Unpopular Opinion? Consider ResearchOps before Researchers

Many years ago, Jared Spool wrote about the importance of “exposure hours” for project team members:

The number of hours each team member is exposed directly to real users interacting with the team’s designs or the team’s competitor’s designs. There is a direct correlation between this exposure and the improvements we see in the designs that team produces.

Earlier this week, I attended the Enterprise Experience conference, where Melissa Schmidt and Adam Menter from Autodesk shared the work they did in conducting a mass user research effort taking advantage of Autodesk University. I don’t have the details in front of me, but basically they enabled hundreds of “exposure hours” for their product teams, and then developed an analysis/synthesis structure for them so they could derive useful insights from what they saw. (This might expose the geek in me, but it was the best thing I saw at the whole conference.)

The presentation spurred an “A-ha!” moment for my that will likely not endear myself to my UX research friends: That standing up a ResearchOps capability is more important and impactful than hiring UX researchers. The hassle of planning, coordinating, preparing, and paying for research is a huge barrier to product teams getting exposure hours (perhaps the single biggest barrier), and so if I’m serious about making my company more customer-centered, I would consider hiring a Research Program Manager and Research Coordinator before hiring a UX Researcher.

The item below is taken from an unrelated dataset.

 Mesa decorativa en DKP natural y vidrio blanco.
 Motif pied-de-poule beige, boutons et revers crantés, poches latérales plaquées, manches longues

If you’re asking yourself, “What is ResearchOps?” and “Really? Another ‘Ops’?”, I suggest browsing this Kate Towsey’s deck here, and I’ll share her definition:

ResearchOps is the mechanisms and strategist that set user research in motion. It provides the roles, tools, and processes needed to support researcher in delivering and scaling the impact of the craft across an organization.

 

 

 

One thought on “Unpopular Opinion? Consider ResearchOps before Researchers

  1. “Buy a truck full of water and forget about the firefighters, you can put out the fire yourself”.
    Mere exposure to other humans don’t make you a researcher able to understand them.